Pevsner was a major, if controversial, influence on post-war British architecture. A new book collates his many radio talks

Pevsner: The Complete Broadcast Talks: Architecture and Art on Radio and Television, 1945–1977 edited by Stephen Games

Sir Nikolaus Pevsner (1902–1983), the historian of art and architecture, gave many talks on the BBC from the end of the Second World War until September 1977. A German Jew, Pevsner had left Germany for Britain in 1933 when the rise of Hitler was making it difficult to find work. He later took British citizenship. Following a short-term research post at Birmingham University, he worked for a time as a buyer for a furniture shop. He was critical of British design and continued to write, and in 1936 perhaps his most famous single book, Pioneers of the Modern Movement: from William Morris to Walter Gropius was published (later republished as Pioneers of Modern Design). Writing, editing and lecturing became his career.

Pevsner was prolific, writing 32 of the 42 books in the ‘Buildings of England’ series himself and collaborating with other authors on the rest. His talks for the BBC included the Reith Lectures in 1955, in which his subject was ‘The Englishness of English Art’. He covered a wide range of art and architecture in his many other radio talks. In general, Stephen Games has used typescripts which remained at the BBC, and includes amendments and alterations made by Pevsner in such a way that the reader can follow how these came about and what was finally broadcast. 

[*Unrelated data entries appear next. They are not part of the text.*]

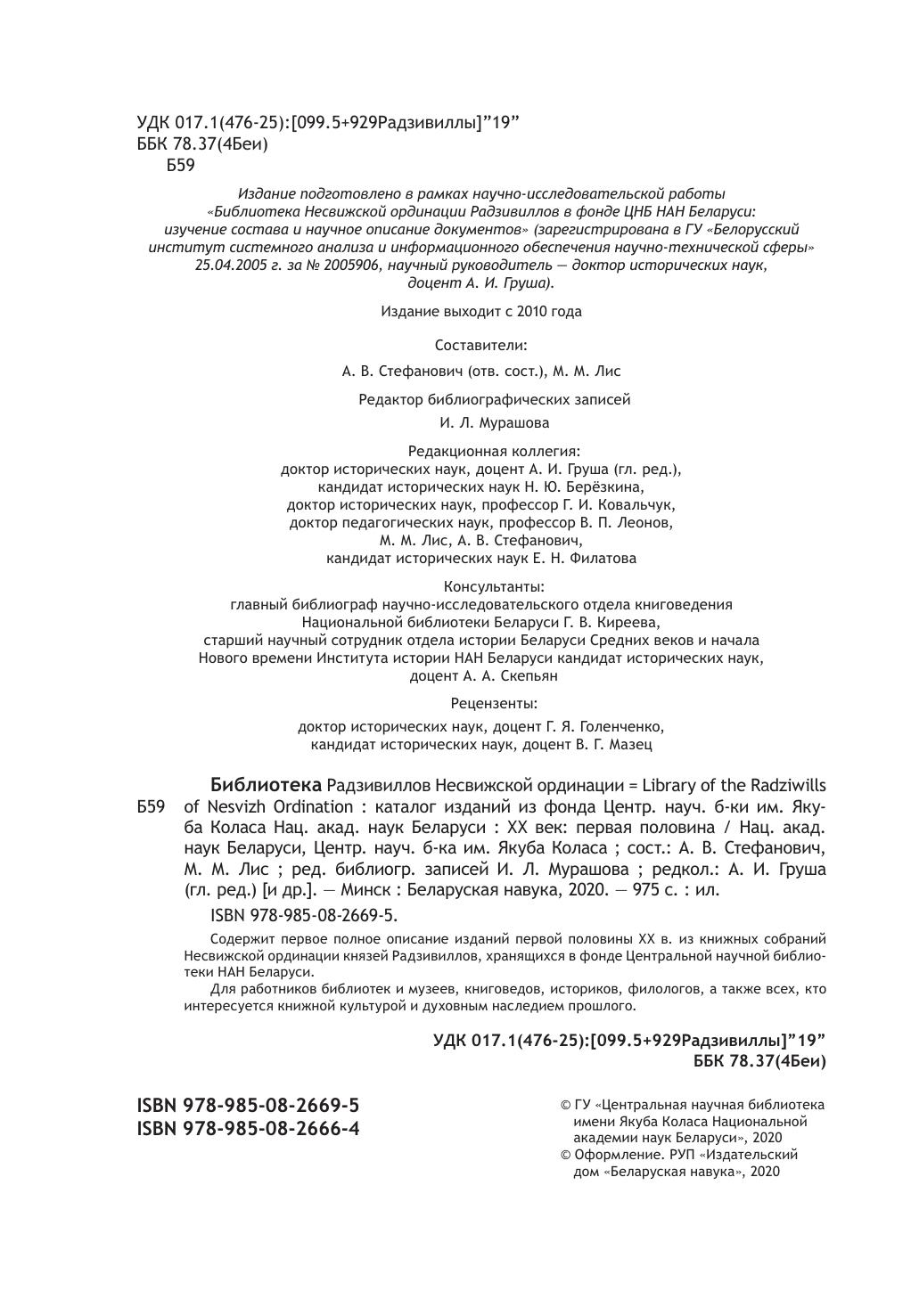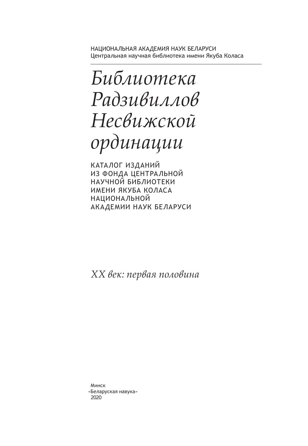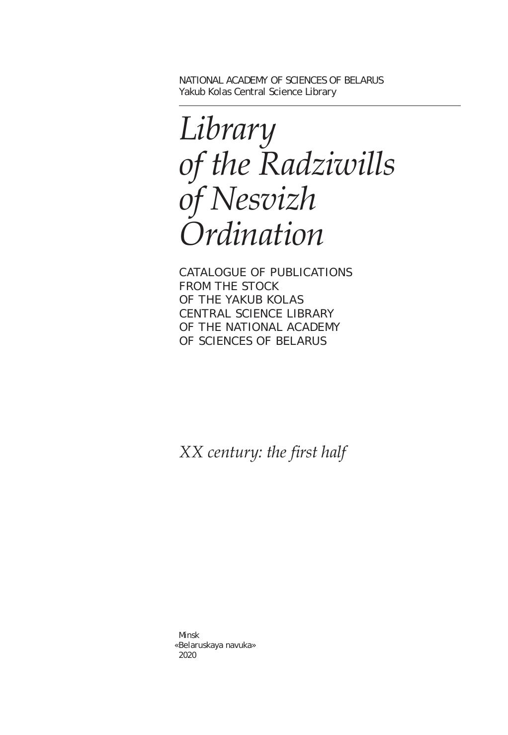Библиотека Радзивиллов Несвижской ординации = Library of the Radziwills of Nesvizh Ordination: каталог изданий из фонда Центр. науч. б-ки им. Якуба Коласа Нац. акад. наук Беларуси: XX век: первая половина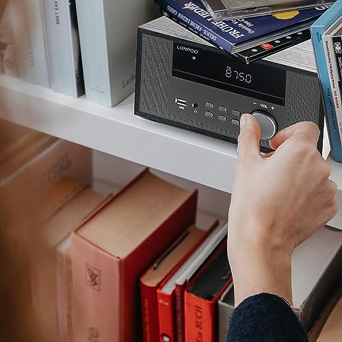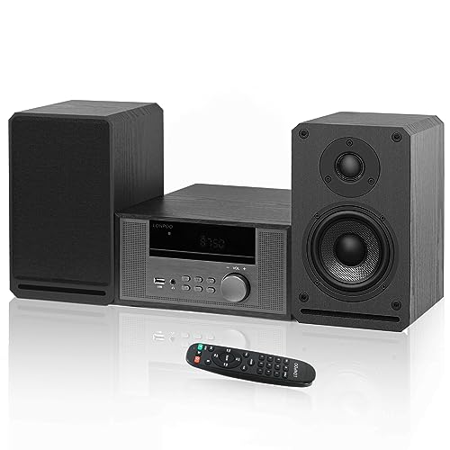 LONPOO Impianto Stereo Casa Sistema 30W Micro hi-fi Compatto con Lettore CD, Bluetooth, Radio FM, USB, Ingresso AUX, Ampio display a LED e pulsante, telecomando (LP-886S)
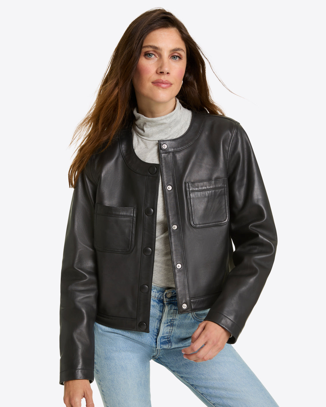 Lady like. Our Leather Collarless Jacket boasts a classic shape, albeit in a very cool material, so you can wear it pretty much anywhere. It’s a no-brainer with jeans and a T-shirt, but we love it over dresses, too, with a pair of boots.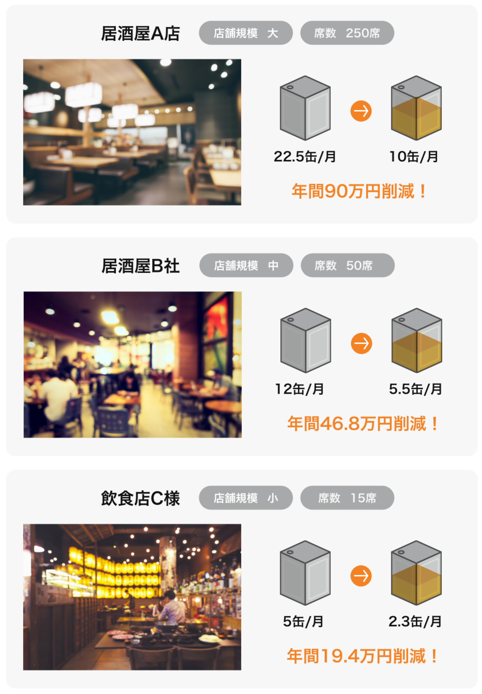 油の使用量を約半分近く削減させ、油代を大幅にコストカットしています。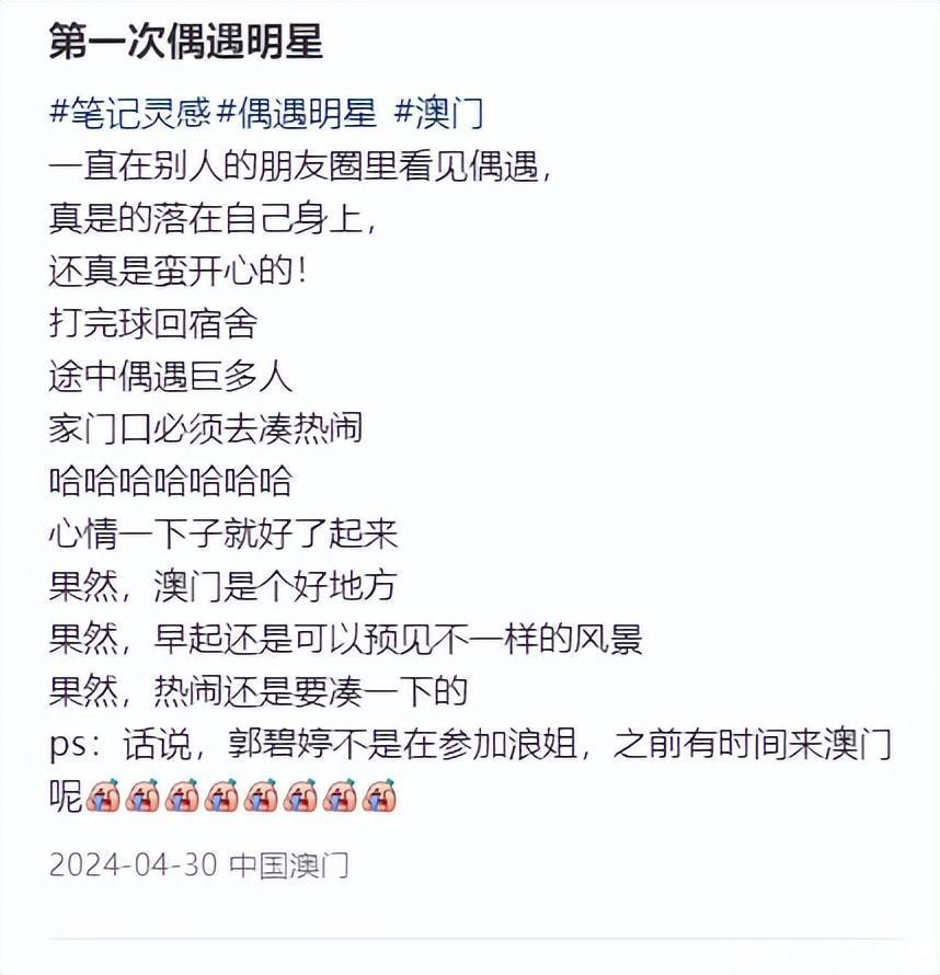 一位网友便在澳门见证了向太私房菜的开业庆典。他晒出了现场的视频,称“郭碧婷不是在插足浪姐,怎么未必辰来澳门呢”。
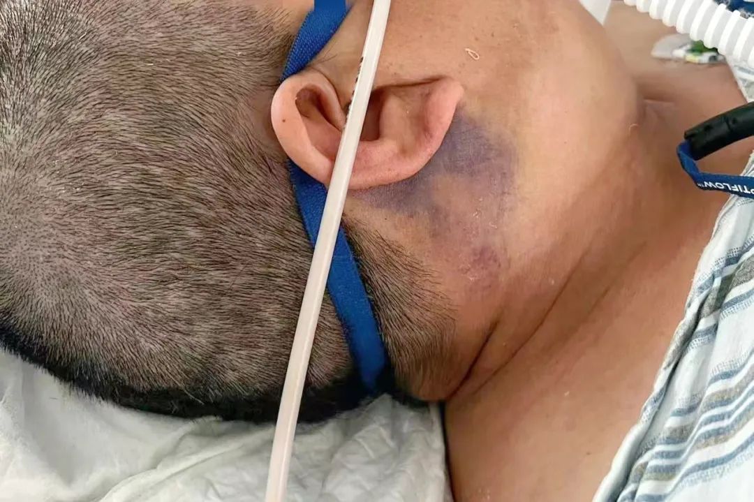 圖中患者已脫離呼吸機,正使用經(jīng)鼻高流量氧療中,可見耳后大片皮下瘀血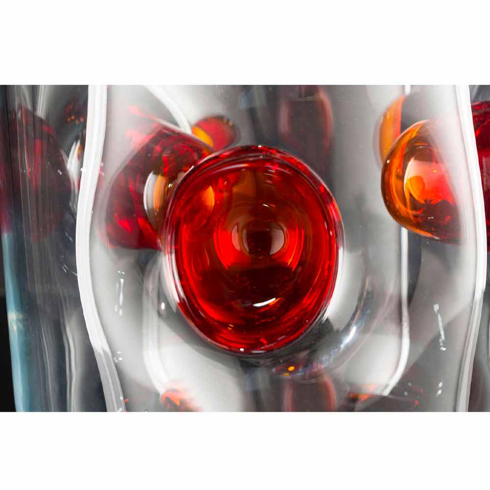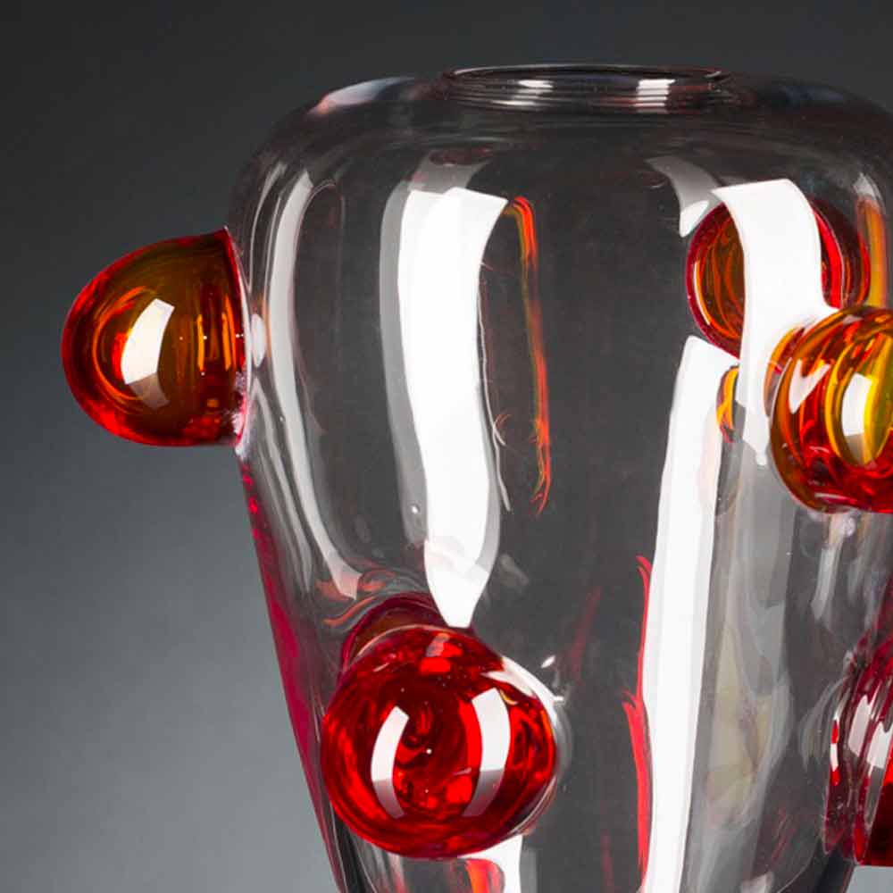 Elegant inomhusvas gjord av transparent Murano-blåst glas med röd detalj genom en process helt tillverkad i Italien . Ett komplement som kombinerar den extrema elegansen i Murano-glaset och dess underbara detaljer med en modern och livlig design för att ge liv åt en idé om exklusiva och avantgardistiska möbler som kan berika alla inhemska utrymmen och inte med en touch av färg . En idealisk stil för de mest varierade miljöerna, från heminredning till hotell, restauranger, kontraktsområden, spa men också som en miljö för evenemang och bröllop.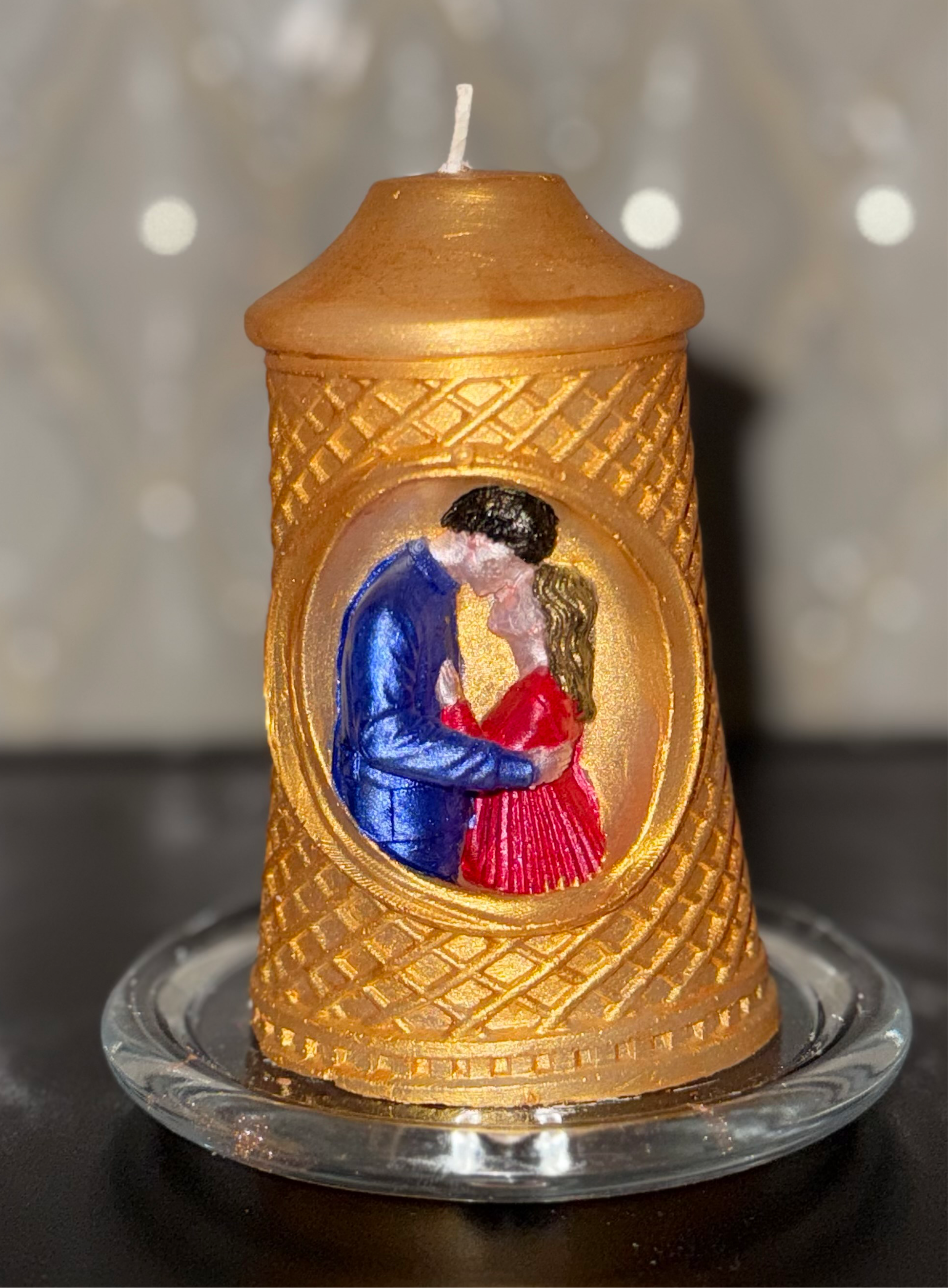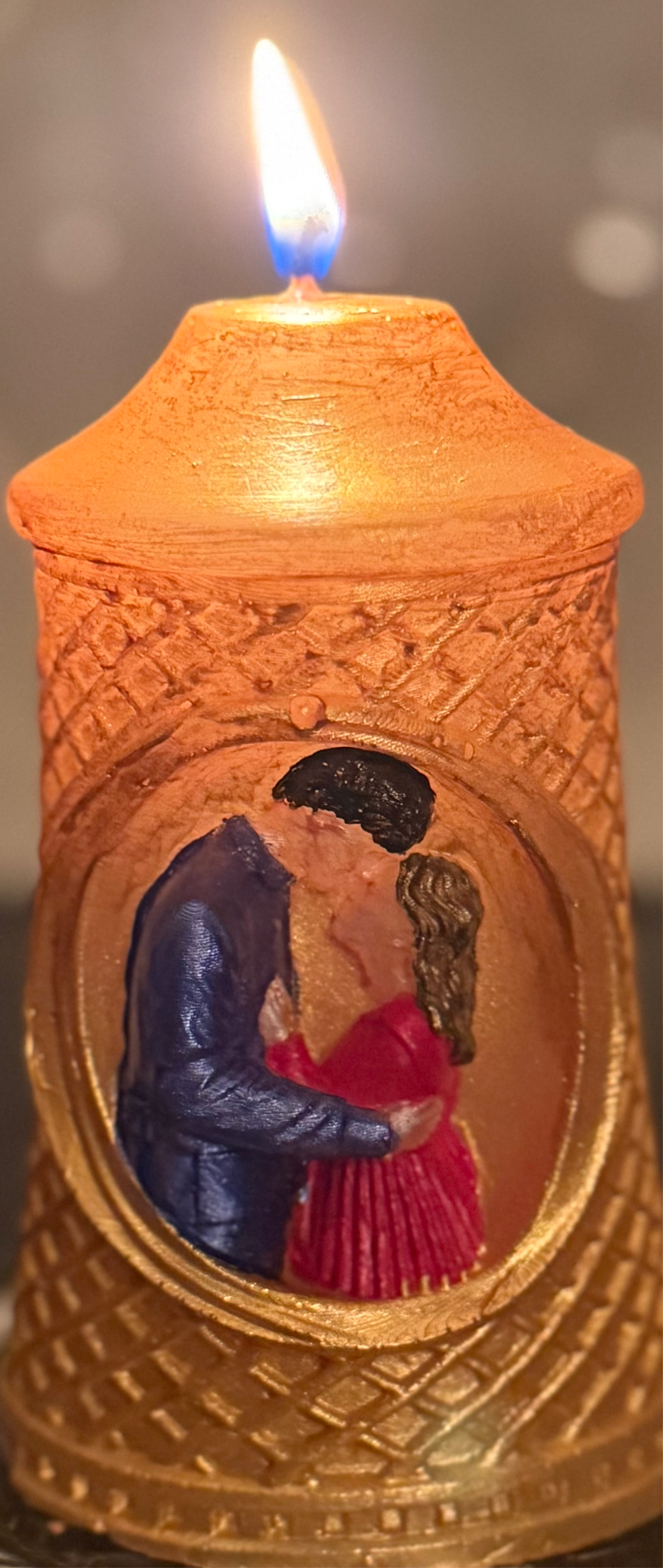 Experience the elegance of "Holding You Near & Dear" with its unique and personalized design of an embracing couple. Select from various options including skin tone, hair color, clothing, and candle color. Ideal for gifting or adding a personal touch to your home decor. Complete with a candle holder.
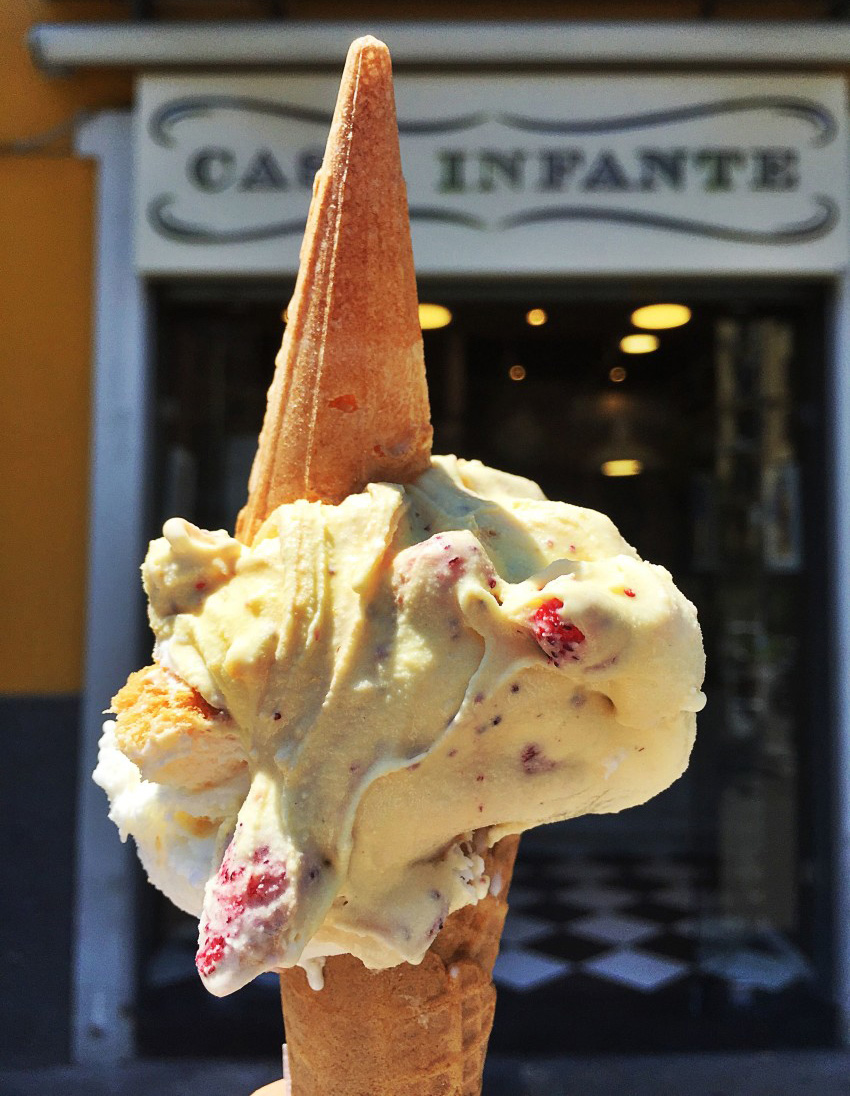 Casa Infante là một trong những tiệm kem ngon nhất ở Ý mà bất cứ ai cũng muôn thử một lần khi đi du lịch Ý. Nằm trong khu phố Via Toledo sôi động, Casa Infante của thành phố Naples nổi tiếng với những viên Gelato cực kì dày, ngậy được làm từ kem và trứng hữu cơ cùng những nguyên liệu độc đáo theo mùa. Thế nhưng, điều làm cho Casa Infante thực sự khác biệt chính là những vị kem hiếm nơi nào có như bánh quả mơ được làm từ những trái mơ chín từ Vesuvius hay những viên gelato có vị vả trắng và ricotta được làm từ những trái vả ngào đường từ Cilento. Đặc biệt, một chiếc bánh hoa cúc nhân gelato sẽ là mảnh ghép hoàn hảo cho một hành trình trải nghiệm gelato trọn vẹn tại Naples.

Pevsner’s Reith Lectures can still be heard via the BBC’s own website, but many of these talks are much less familiar and Games has done a great service in collating them in this volume.  Anyone wanting to follow up the content of a BBC talk given by Pevsner will find it here if it is still extant, from ‘Bavarian Rococo’ (Third Programme, 1954) to ‘The Dukeries’ (Third Programme, 1948), from ‘Ernst Barlach’ (exhibition review, Third Programme, 1961) to ‘Charles Rennie Mackintosh’ (Scottish Home Service, 1968). There is his review of a book on The Renaissance of the English Public House on the programme The Critics, and an appeal on The Week’s Good Cause on behalf of the Historic Churches Preservation Trust. 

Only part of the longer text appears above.